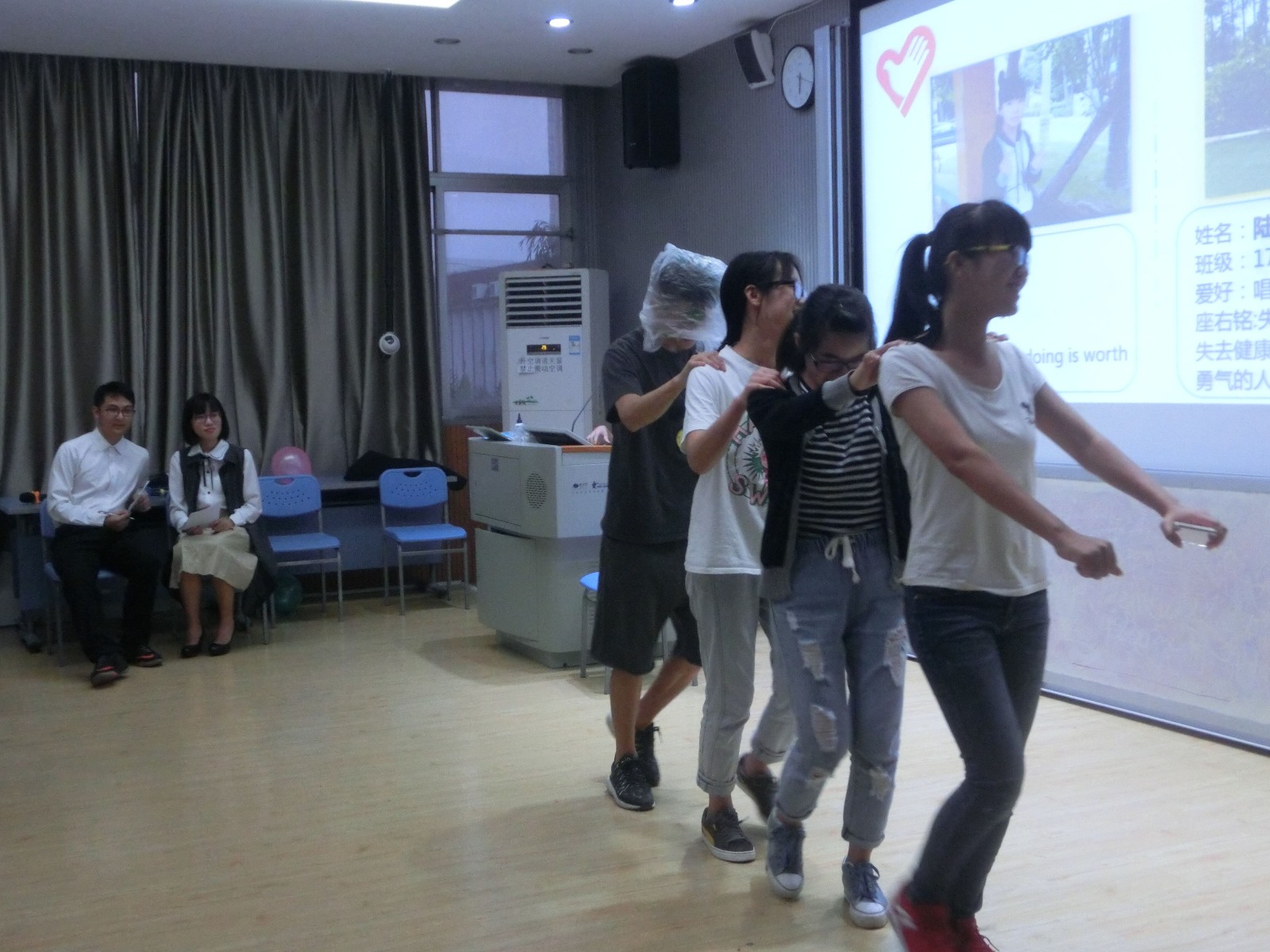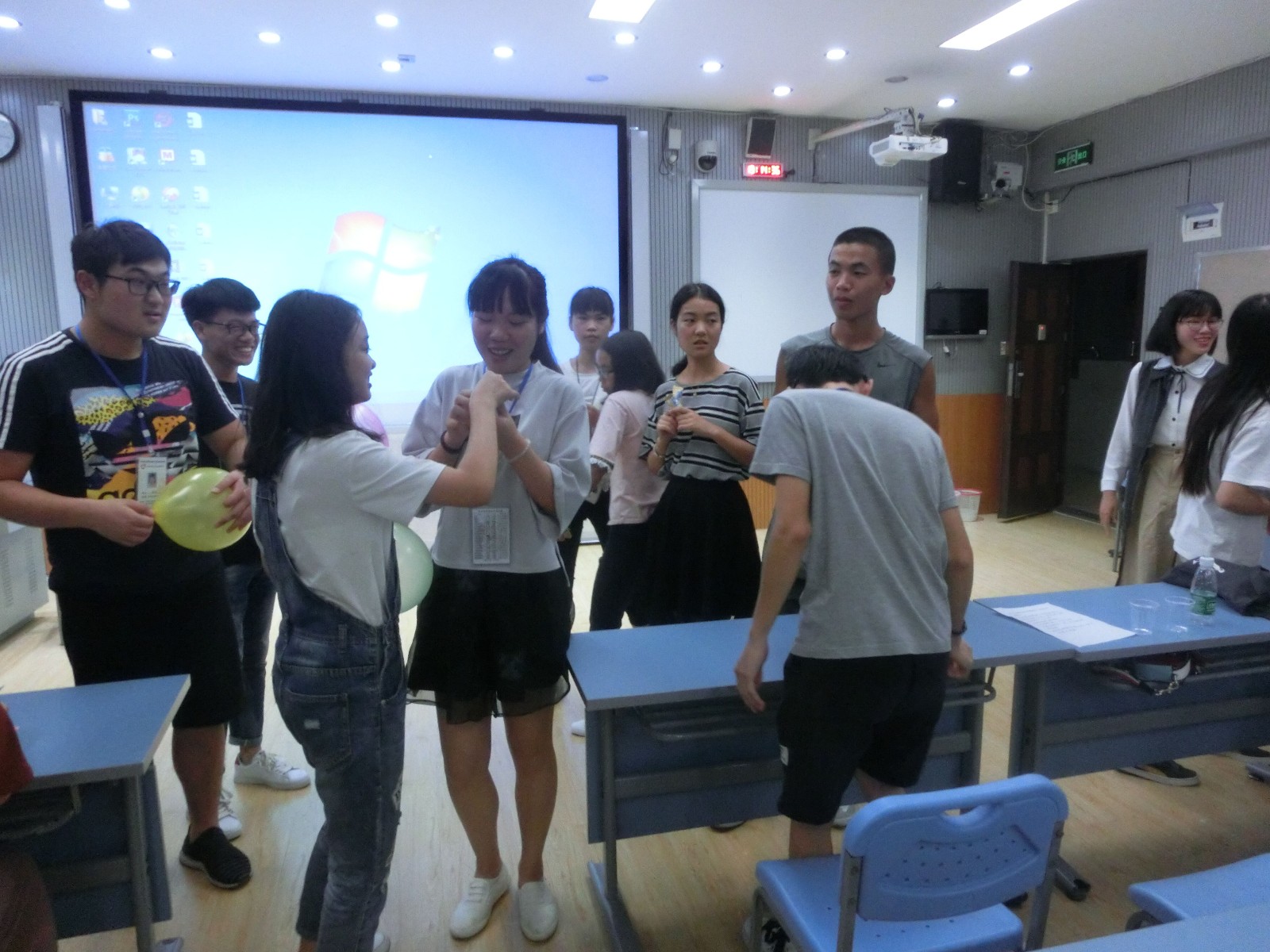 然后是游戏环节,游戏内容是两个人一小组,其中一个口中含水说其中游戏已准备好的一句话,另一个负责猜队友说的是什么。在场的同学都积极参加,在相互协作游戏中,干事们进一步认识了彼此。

* * *

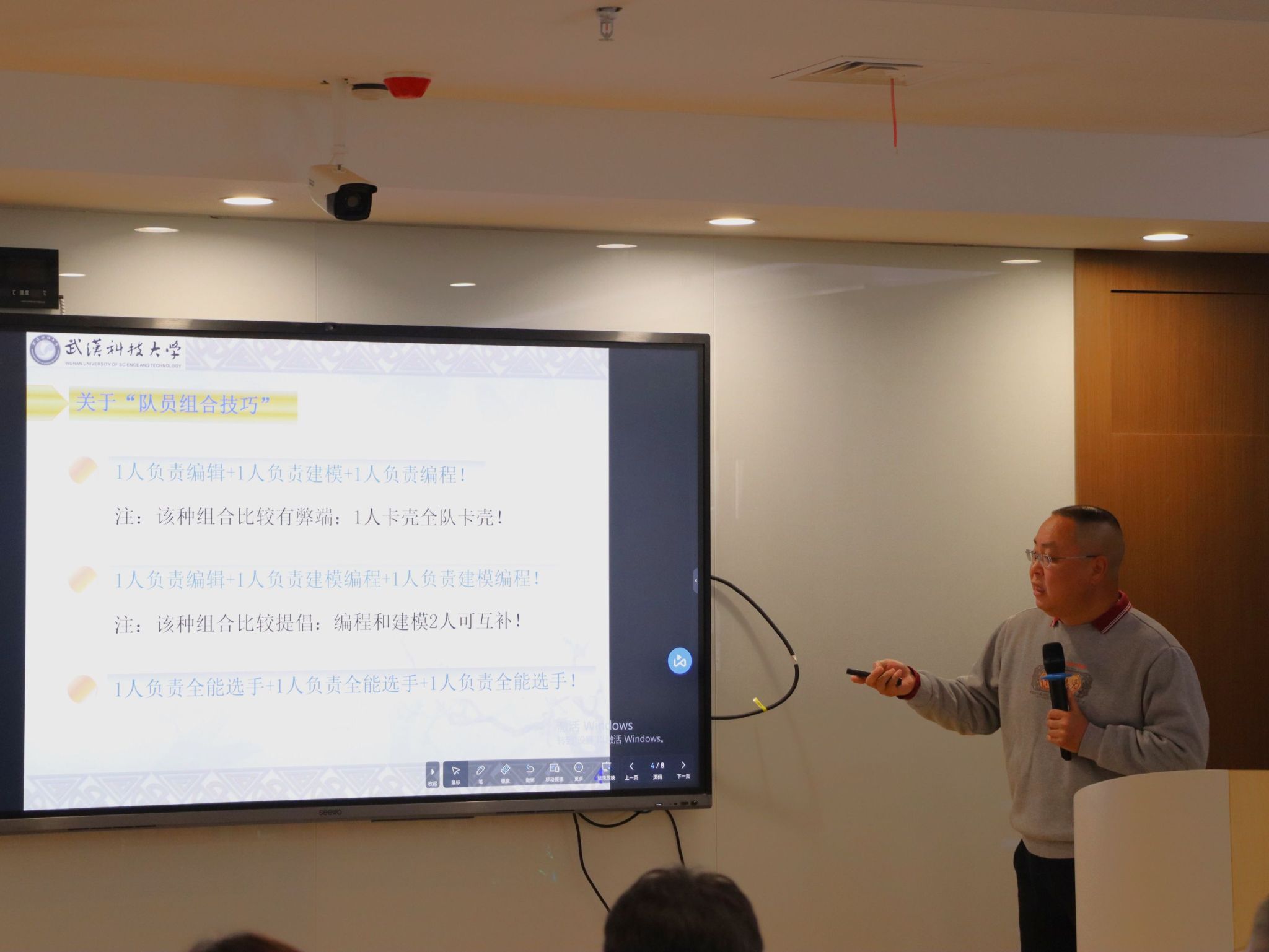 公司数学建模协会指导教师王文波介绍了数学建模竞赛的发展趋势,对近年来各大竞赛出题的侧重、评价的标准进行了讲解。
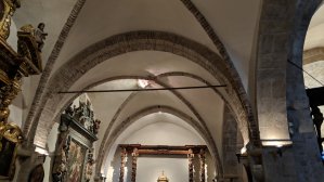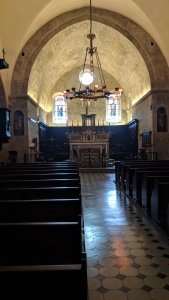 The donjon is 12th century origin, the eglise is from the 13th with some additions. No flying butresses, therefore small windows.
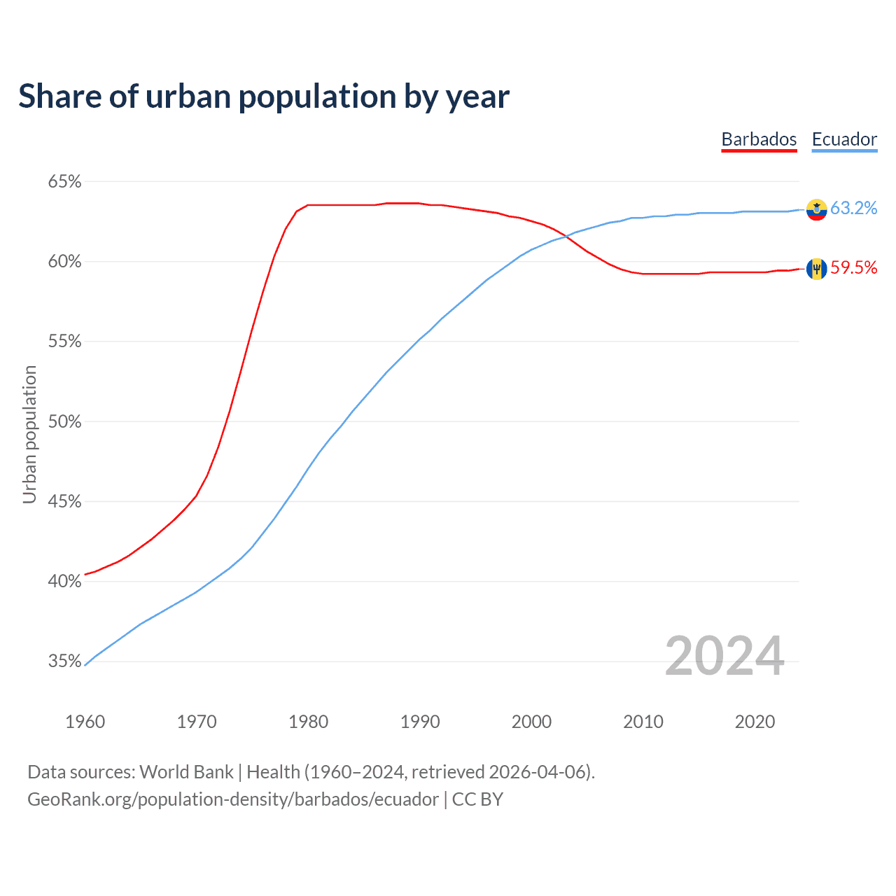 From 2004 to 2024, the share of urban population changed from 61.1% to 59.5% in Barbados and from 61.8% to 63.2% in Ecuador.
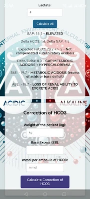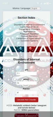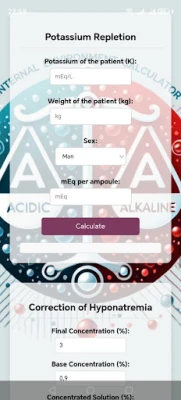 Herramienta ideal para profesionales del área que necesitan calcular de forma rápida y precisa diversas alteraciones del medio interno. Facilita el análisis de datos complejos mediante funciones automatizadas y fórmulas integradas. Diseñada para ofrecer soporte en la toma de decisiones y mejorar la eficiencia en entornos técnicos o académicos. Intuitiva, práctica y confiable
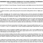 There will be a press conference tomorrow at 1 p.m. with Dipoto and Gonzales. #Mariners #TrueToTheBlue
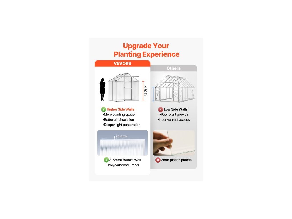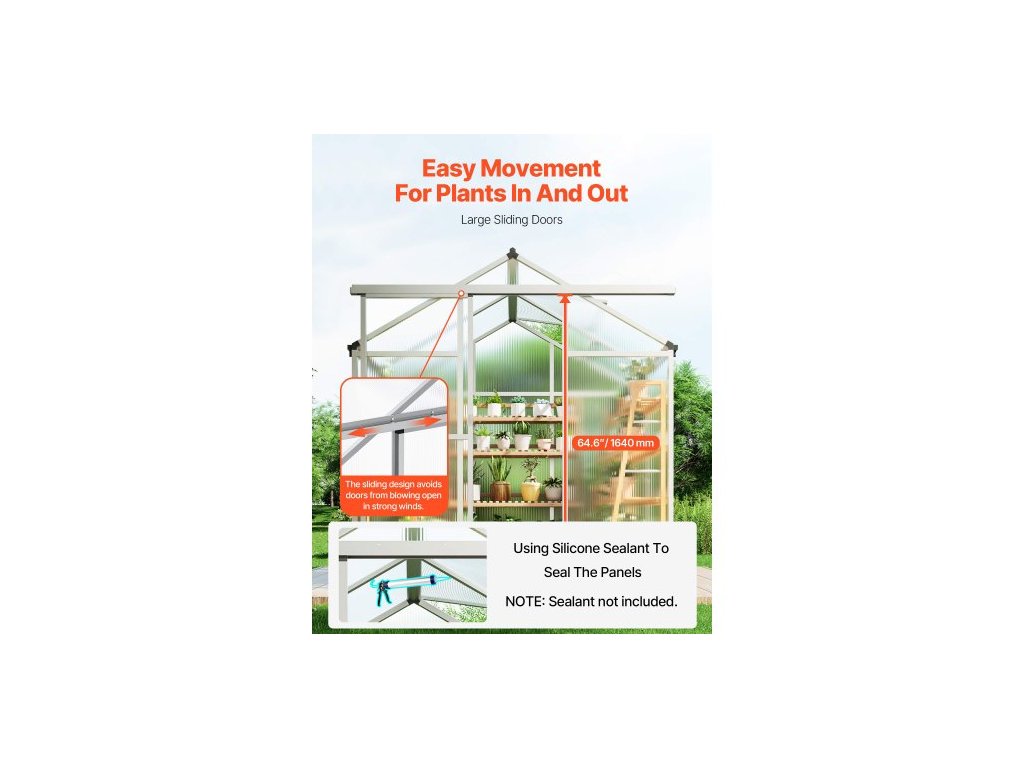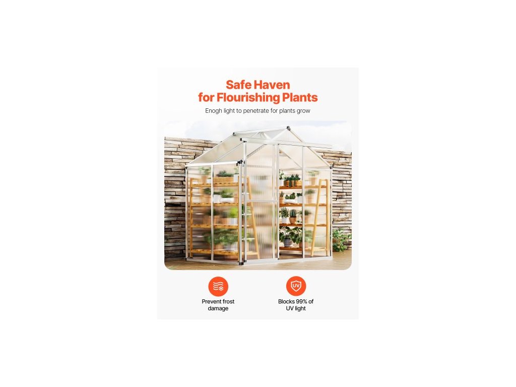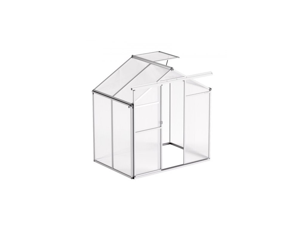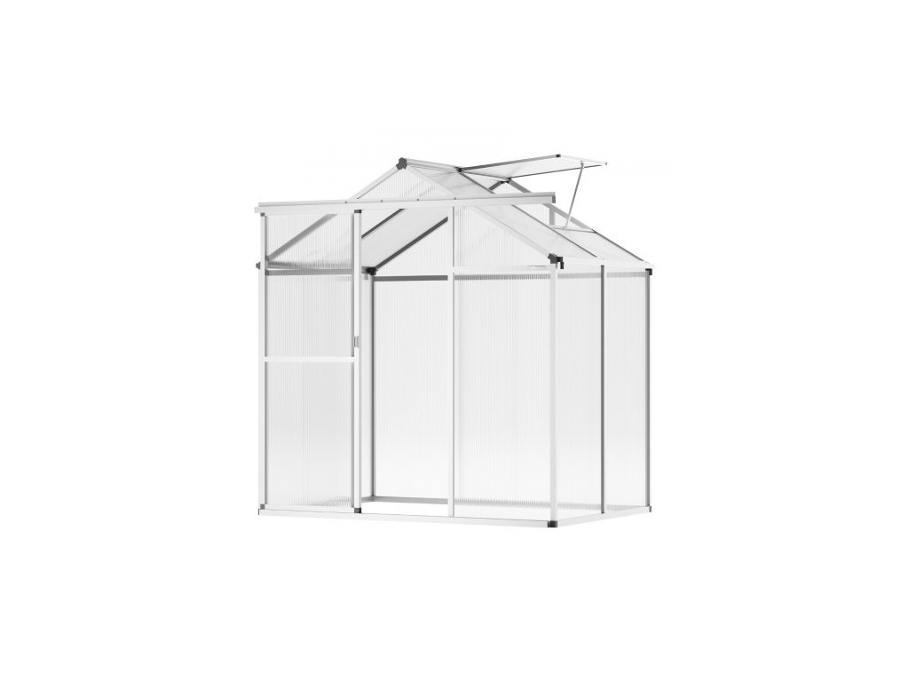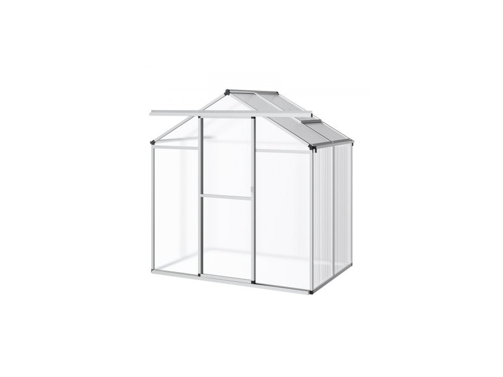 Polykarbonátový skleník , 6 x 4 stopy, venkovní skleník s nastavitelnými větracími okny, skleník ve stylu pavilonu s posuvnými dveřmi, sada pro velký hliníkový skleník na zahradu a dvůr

* * *

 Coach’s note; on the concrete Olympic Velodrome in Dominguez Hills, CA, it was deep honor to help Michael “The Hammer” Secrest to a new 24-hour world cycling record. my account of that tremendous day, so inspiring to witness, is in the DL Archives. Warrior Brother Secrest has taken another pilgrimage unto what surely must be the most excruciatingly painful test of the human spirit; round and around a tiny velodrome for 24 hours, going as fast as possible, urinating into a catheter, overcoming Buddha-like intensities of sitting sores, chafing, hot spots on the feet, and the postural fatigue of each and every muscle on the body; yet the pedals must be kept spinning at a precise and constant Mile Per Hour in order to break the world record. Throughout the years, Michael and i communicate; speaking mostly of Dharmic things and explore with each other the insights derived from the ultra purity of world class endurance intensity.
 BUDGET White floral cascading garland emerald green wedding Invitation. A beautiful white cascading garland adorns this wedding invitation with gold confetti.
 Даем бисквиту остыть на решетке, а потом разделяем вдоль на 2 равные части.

**YOUR INSTRUCTIONS**
Transcribe the records above from the line holding "BUDGET White floral" down to the line holding "Даем бисквиту остыть", inclusive, without adding anything.

**YOUR SOLUTION**
 BUDGET White floral cascading garland emerald green wedding Invitation. A beautiful white cascading garland adorns this wedding invitation with gold confetti.
 Даем бисквиту остыть на решетке, а потом разделяем вдоль на 2 равные части.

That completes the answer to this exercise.